_Exercise objective_
Everything in the listing below needs restating exactly, apart from the pictures.

_Information given_
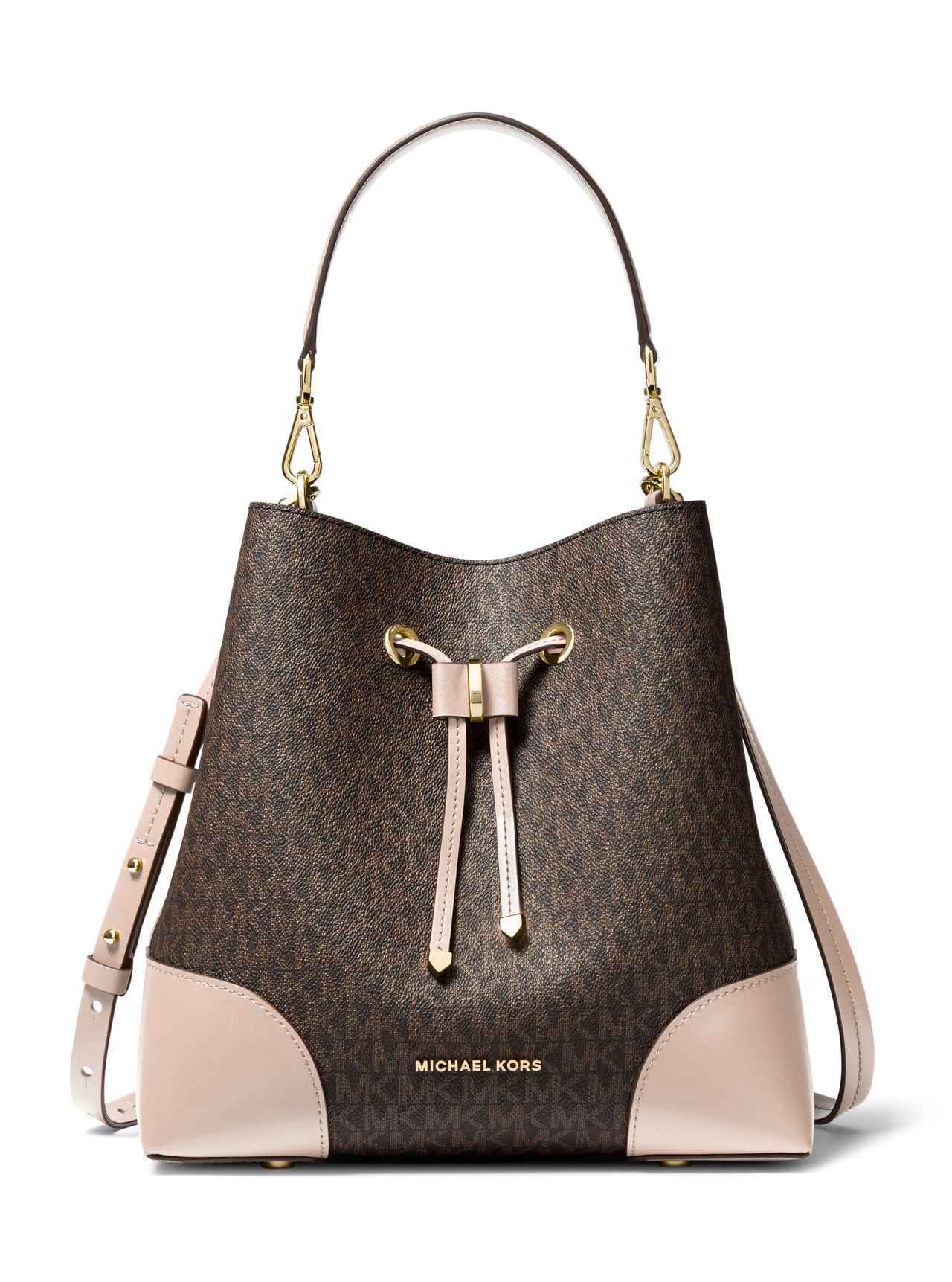 マイケル・コースのアイコニックなシグネチャーロゴをキャンバスにプリントしたライン。 モダンなシルエットで人気の「MERCER GALLERY」は、全体にMKロゴプリントをあしらい、バッグの底部分やハンドルには優しい印象のピンクのレザーを合わせ、柔らかな雰囲気を与えている。
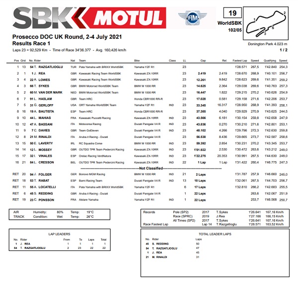 OtomotifZone.com-Inggris. Race 1 World Superbike putaran ke empat di sirkuit Donington Park 3 Juli 2021 baru saja selesai mencatat nama Toprak Razgatlioglu sebagai juaranya. Kemenangan ini pun di raih dari grid 13 hasil Superpole sebelum race.
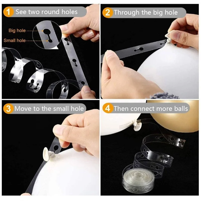 - Le kit est livré avec toutes les fournitures nécessaires, y compris les chaînes pour assembler les ballons.
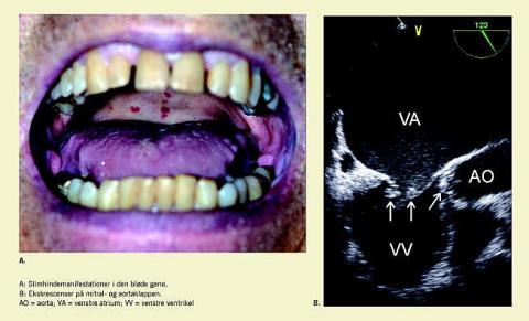 Akut ekkokardiografi viste tegn på ekskrescenser (B) på både mitral- og aortaklappen med destruktion af begge hjerteklapper. I bloddyrkningen fandtes Enterococcus faecalis. Patienten blev overført til en specialafdeling, hvor der blev foretaget aorta- og mitralklapssubstitution med henholdsvis homograft og mekanisk protese.
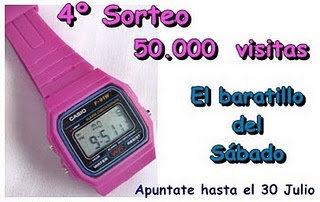 Y es que el Baratillo del Sabado sortea por haber tenido 50.000 visitas un Reloj Casio Pink, esta chulísimo y yo ya he participado. (a ver si tengo suerte)
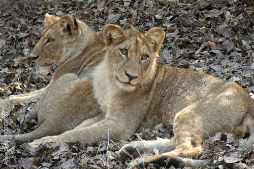 Naklejka premium Two young lions lying in Lower Zambezi National Park, Zambia
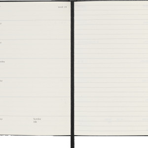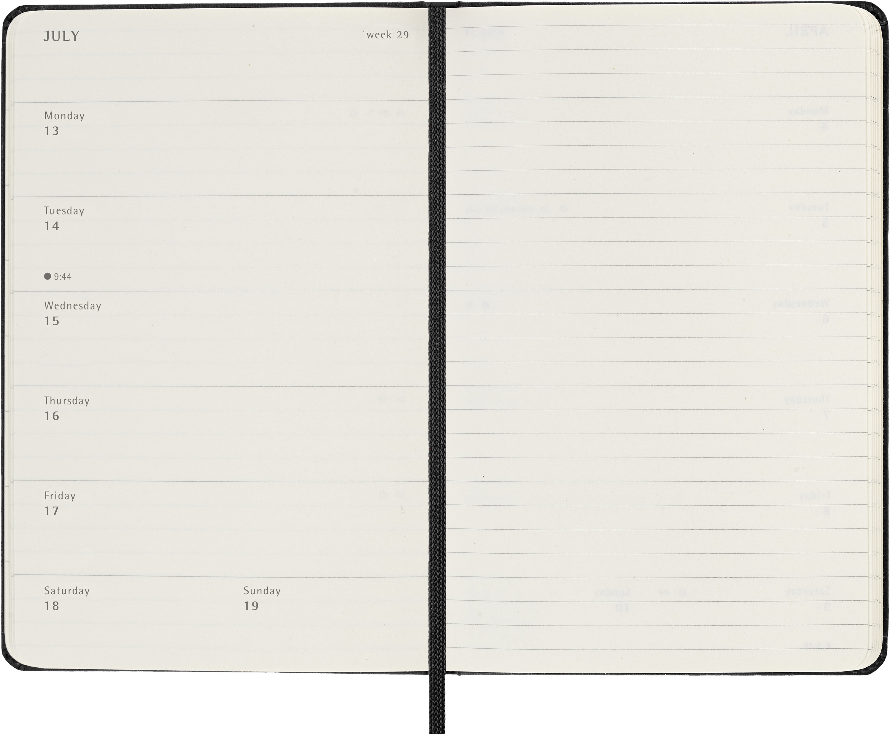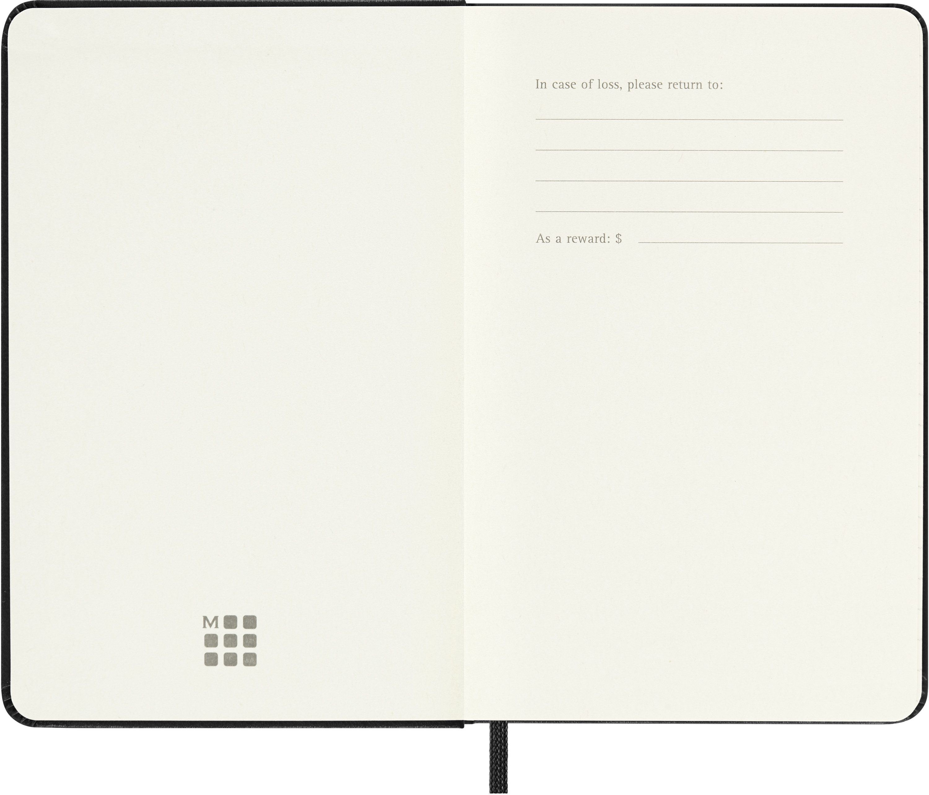 - fester Einband mit abgerundeten Ecken, Gummiband zum Verschliessen und Lesebändchen
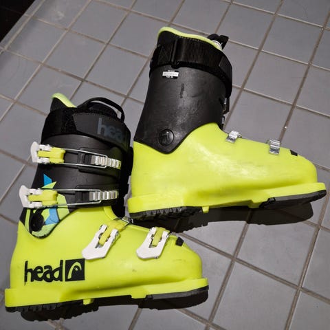 Head merkkiset laskettelu monot. Koko 24/24,5cm. Ulkopohjan pituus 285 mm. Olleet yhdellä lapsella kovassa käytössä, joten ulkopuolella kulumajälkiä (näkyy kuvissa), mutta täysin käyttökuntoiset. Sopivat myynnissä oleviin Salomonin suksiin.
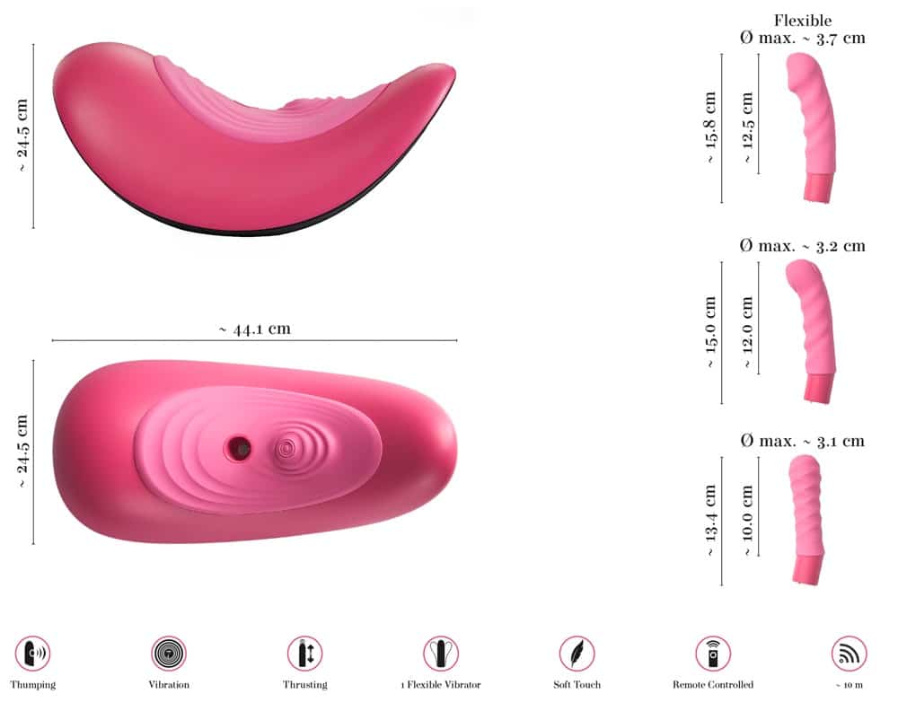 Innovativo vibepad RIDE ON per una cavalcata a mani libere con stimolazione clitoridea pulsante e divertimento vaginale profondo. Passate da un'ondata di piacere all'altra sull'ergonomico dondolo dell'amore. Il vibepad che pulsa intensamente e i 3 penetratori aggiuntivi vi regalano il massimo dell'orgasmo dentro e fuori. Tutto può essere comodamente controllato con il telecomando. Elegante. Confortevole. Preciso.Nell'incavo del dondolo per il sesso in solitaria, ci si siede su un silicone morbido come la seta, le cui dolci ondulazioni trasferiscono perfettamente gli impulsi pulsanti alla vulva e direttamente al clitoride. I 3 diversi accessori in silicone inclusi si inseriscono semplicemente. Ognuno degli stimolatori colpisce per il suo design stimolante e per la sua diversa funzione intensiva: uno spinge, uno vibra e uno coccola con impulsi pulsanti.Nel vibepad rocker e in ogni stimolatore è presente un motore silenzioso e potente. Ciò significa che le singole funzioni possono essere controllate separatamente e combinate in modo eccitante. Direttamente sul vibepad RIDE ON o con il pratico telecomando (portata 10 metri). Il vibepad rocker pulsa sulla vulva e sul clitoride con pulsazioni in 13 modalità. Inoltre, uno degli stimolatori può coccolare la vagina in profondità - 6 modalità di spinta, 7 modalità di vibrazione o picchiettamento in 13 modalità offrono un'ampia gamma di divertimento.Il vibepad RIDE ON è particolarmente facile da usare e intuitivo: con la sua base in silicone antiscivolo, il compatto sex bouncer solitario si appoggia e dondola in modo stabile e sicuro su qualsiasi superficie piana. Per un piacere spensierato e dondolante nel massimo comfort.
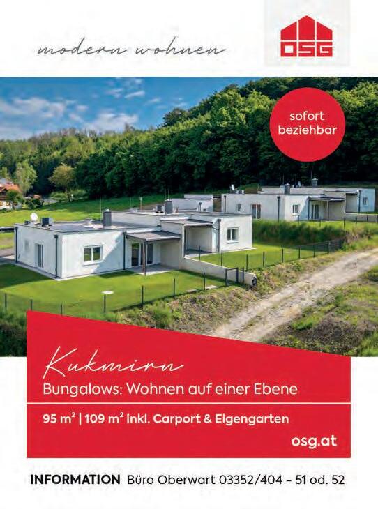 Gewinn für die Gemeinde und für alle, die sich leistbares Wohnen im Grünen wünschen! Die eingeschossigen Bungalows mit Grundstücksgrößen von 350 m² bis 740 m² – geplant vom Architekturbüro Schwartz – verfügen über Doppelcarports, Außenabstellräume, Luft-Wasser-Wärmepumpen zur Beheizung und PV-Anlagen am Dach. Alle Infos gibt’s unter www.osg.at oder telefonisch unter 03352/404 –DW 51 oder 52.

_Task result_
 マイケル・コースのアイコニックなシグネチャーロゴをキャンバスにプリントしたライン。 モダンなシルエットで人気の「MERCER GALLERY」は、全体にMKロゴプリントをあしらい、バッグの底部分やハンドルには優しい印象のピンクのレザーを合わせ、柔らかな雰囲気を与えている。
 OtomotifZone.com-Inggris. Race 1 World Superbike putaran ke empat di sirkuit Donington Park 3 Juli 2021 baru saja selesai mencatat nama Toprak Razgatlioglu sebagai juaranya. Kemenangan ini pun di raih dari grid 13 hasil Superpole sebelum race.
 - Le kit est livré avec toutes les fournitures nécessaires, y compris les chaînes pour assembler les ballons.
 Akut ekkokardiografi viste tegn på ekskrescenser (B) på både mitral- og aortaklappen med destruktion af begge hjerteklapper. I bloddyrkningen fandtes Enterococcus faecalis. Patienten blev overført til en specialafdeling, hvor der blev foretaget aorta- og mitralklapssubstitution med henholdsvis homograft og mekanisk protese.
 Y es que el Baratillo del Sabado sortea por haber tenido 50.000 visitas un Reloj Casio Pink, esta chulísimo y yo ya he participado. (a ver si tengo suerte)
 Naklejka premium Two young lions lying in Lower Zambezi National Park, Zambia
 - fester Einband mit abgerundeten Ecken, Gummiband zum Verschliessen und Lesebändchen
 Head merkkiset laskettelu monot. Koko 24/24,5cm. Ulkopohjan pituus 285 mm. Olleet yhdellä lapsella kovassa käytössä, joten ulkopuolella kulumajälkiä (näkyy kuvissa), mutta täysin käyttökuntoiset. Sopivat myynnissä oleviin Salomonin suksiin.
 Innovativo vibepad RIDE ON per una cavalcata a mani libere con stimolazione clitoridea pulsante e divertimento vaginale profondo. Passate da un'ondata di piacere all'altra sull'ergonomico dondolo dell'amore. Il vibepad che pulsa intensamente e i 3 penetratori aggiuntivi vi regalano il massimo dell'orgasmo dentro e fuori. Tutto può essere comodamente controllato con il telecomando. Elegante. Confortevole. Preciso.Nell'incavo del dondolo per il sesso in solitaria, ci si siede su un silicone morbido come la seta, le cui dolci ondulazioni trasferiscono perfettamente gli impulsi pulsanti alla vulva e direttamente al clitoride. I 3 diversi accessori in silicone inclusi si inseriscono semplicemente. Ognuno degli stimolatori colpisce per il suo design stimolante e per la sua diversa funzione intensiva: uno spinge, uno vibra e uno coccola con impulsi pulsanti.Nel vibepad rocker e in ogni stimolatore è presente un motore silenzioso e potente. Ciò significa che le singole funzioni possono essere controllate separatamente e combinate in modo eccitante. Direttamente sul vibepad RIDE ON o con il pratico telecomando (portata 10 metri). Il vibepad rocker pulsa sulla vulva e sul clitoride con pulsazioni in 13 modalità. Inoltre, uno degli stimolatori può coccolare la vagina in profondità - 6 modalità di spinta, 7 modalità di vibrazione o picchiettamento in 13 modalità offrono un'ampia gamma di divertimento.Il vibepad RIDE ON è particolarmente facile da usare e intuitivo: con la sua base in silicone antiscivolo, il compatto sex bouncer solitario si appoggia e dondola in modo stabile e sicuro su qualsiasi superficie piana. Per un piacere spensierato e dondolante nel massimo comfort.
 Gewinn für die Gemeinde und für alle, die sich leistbares Wohnen im Grünen wünschen! Die eingeschossigen Bungalows mit Grundstücksgrößen von 350 m² bis 740 m² – geplant vom Architekturbüro Schwartz – verfügen über Doppelcarports, Außenabstellräume, Luft-Wasser-Wärmepumpen zur Beheizung und PV-Anlagen am Dach. Alle Infos gibt’s unter www.osg.at oder telefonisch unter 03352/404 –DW 51 oder 52.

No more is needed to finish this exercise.